**TASK DIRECTIONS**. For every record, give an exact copy that has no pictures in it.

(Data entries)

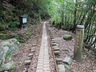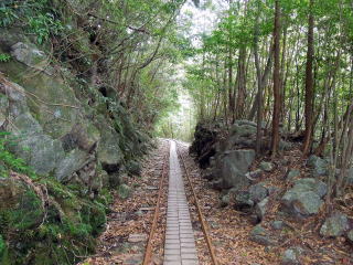 | 8時40分:線路跡の大株歩道入口に下山。ここからは線路跡を歩いて行く。 | |
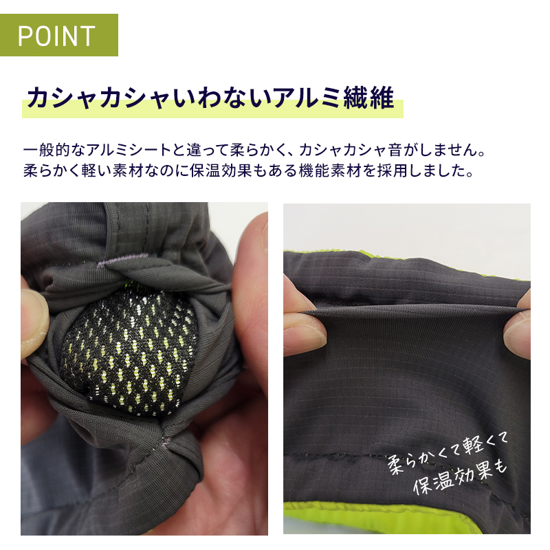 一般的なアルミシートと違って柔らかく、カシャカシャ音がしません。
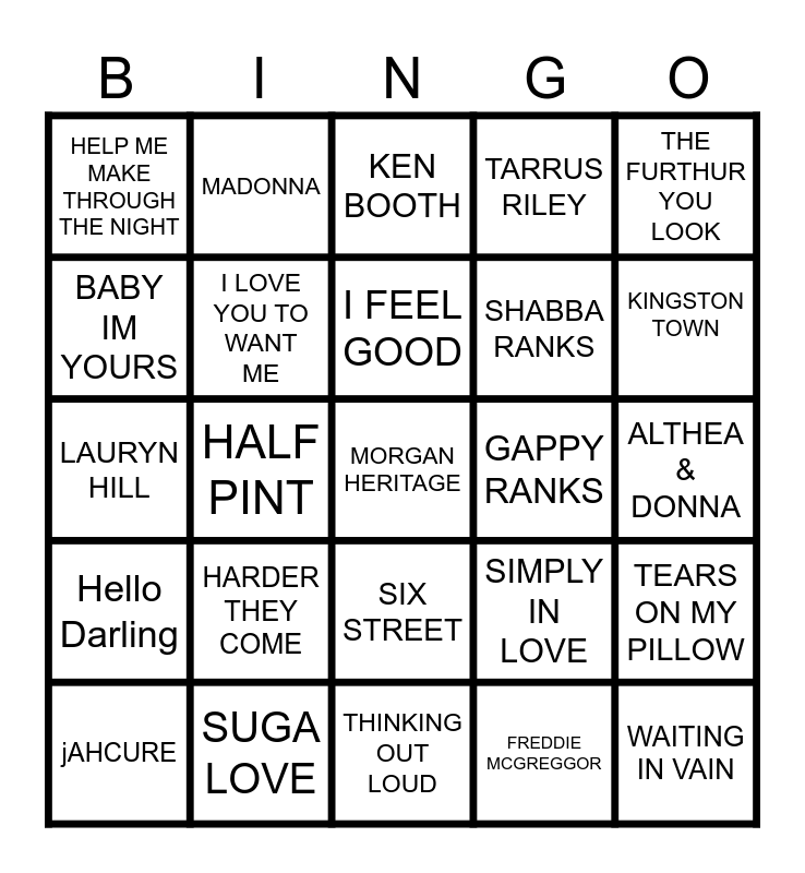 This bingo card has 29 words: Hello Darling, TWICE MY AGE, I FEEL GOOD, OVER YOU, THE FURTHUR YOU LOOK, HELP ME MAKE THROUGH THE NIGHT, I LOVE YOU TO WANT ME, SIX STREET, SIMPLY IN LOVE, WAITING IN VAIN, BABY IM YOURS, HALF PINT, MUSICAL YOUTH, FREDDIE MCGREGGOR, ALTHEA & DONNA, jAHCURE, HARDER THEY COME, MORGAN HERITAGE, TARRUS RILEY, TEARS ON MY PILLOW, LAURYN HILL, SUGA LOVE, KEN BOOTH, SHABBA RANKS, KINGSTON TOWN, MADONNA, THINKING OUT LOUD, GAPPY RANKS and I CANT WAIT.
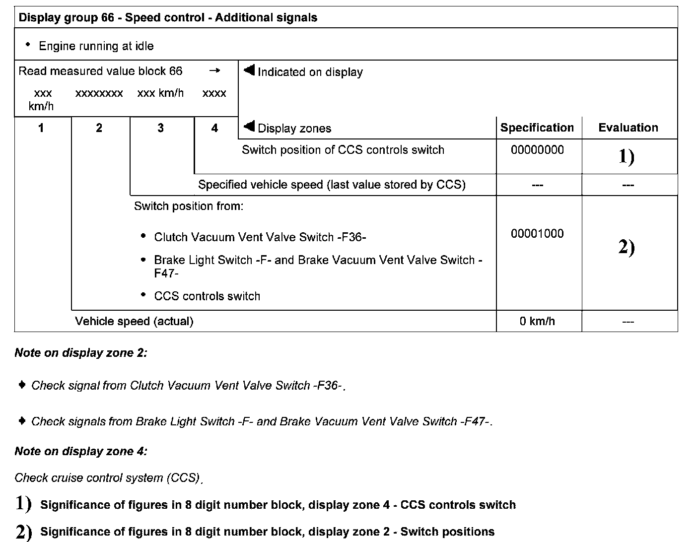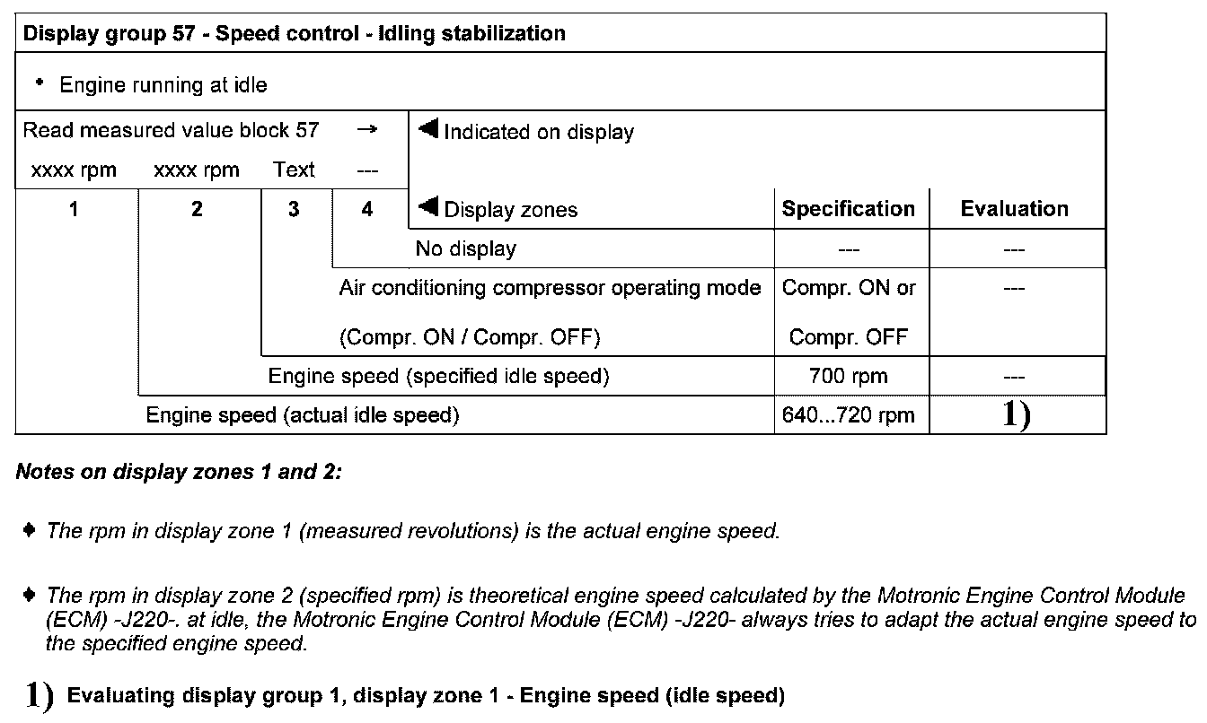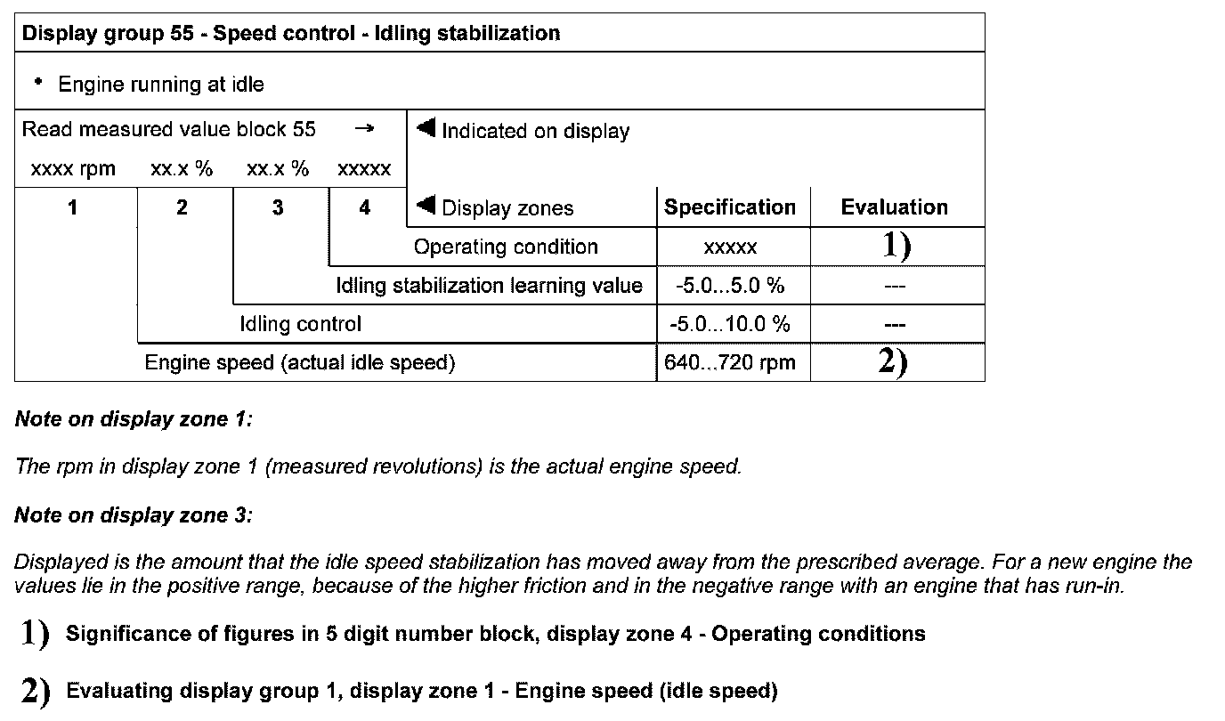 Measured value blocks, display groups 50...69 - Speed control, Evaluating
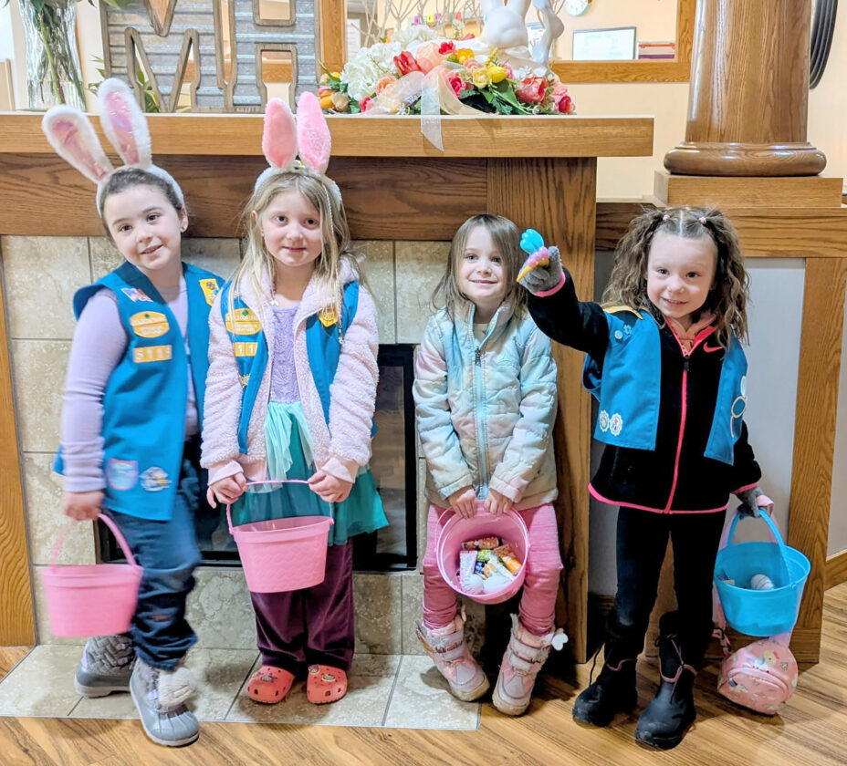Girl Scout Troop 5118 recently decorated Easter eggs and distributed them to residents at Maryhill Manor in Niagara, Wis. From left are Malia Mosher, Michelle Poquette, Isabella Flynn and Braelynn Tobey.
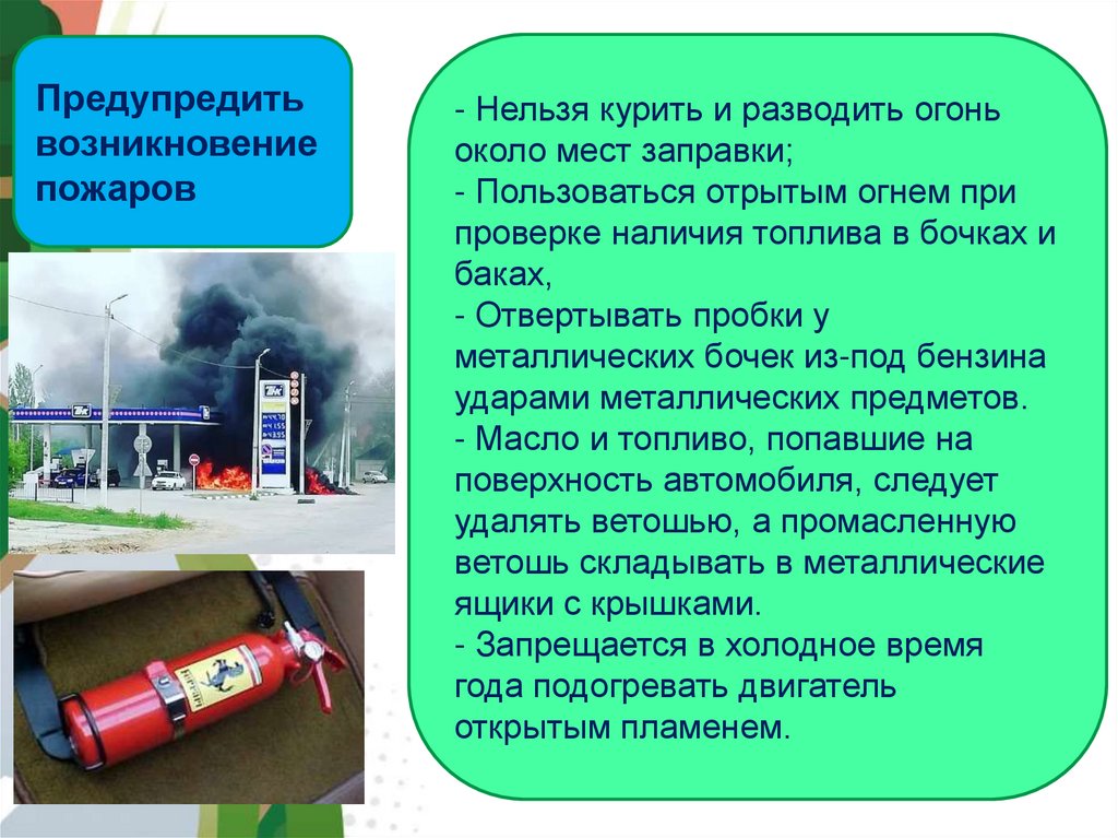 - Нельзя курить и разводить огонь

**COMPLETED EXERCISE**.
 | 8時40分:線路跡の大株歩道入口に下山。ここからは線路跡を歩いて行く。 | |
 一般的なアルミシートと違って柔らかく、カシャカシャ音がしません。
 This bingo card has 29 words: Hello Darling, TWICE MY AGE, I FEEL GOOD, OVER YOU, THE FURTHUR YOU LOOK, HELP ME MAKE THROUGH THE NIGHT, I LOVE YOU TO WANT ME, SIX STREET, SIMPLY IN LOVE, WAITING IN VAIN, BABY IM YOURS, HALF PINT, MUSICAL YOUTH, FREDDIE MCGREGGOR, ALTHEA & DONNA, jAHCURE, HARDER THEY COME, MORGAN HERITAGE, TARRUS RILEY, TEARS ON MY PILLOW, LAURYN HILL, SUGA LOVE, KEN BOOTH, SHABBA RANKS, KINGSTON TOWN, MADONNA, THINKING OUT LOUD, GAPPY RANKS and I CANT WAIT.
 Measured value blocks, display groups 50...69 - Speed control, Evaluating
Girl Scout Troop 5118 recently decorated Easter eggs and distributed them to residents at Maryhill Manor in Niagara, Wis. From left are Malia Mosher, Michelle Poquette, Isabella Flynn and Braelynn Tobey.
 - Нельзя курить и разводить огонь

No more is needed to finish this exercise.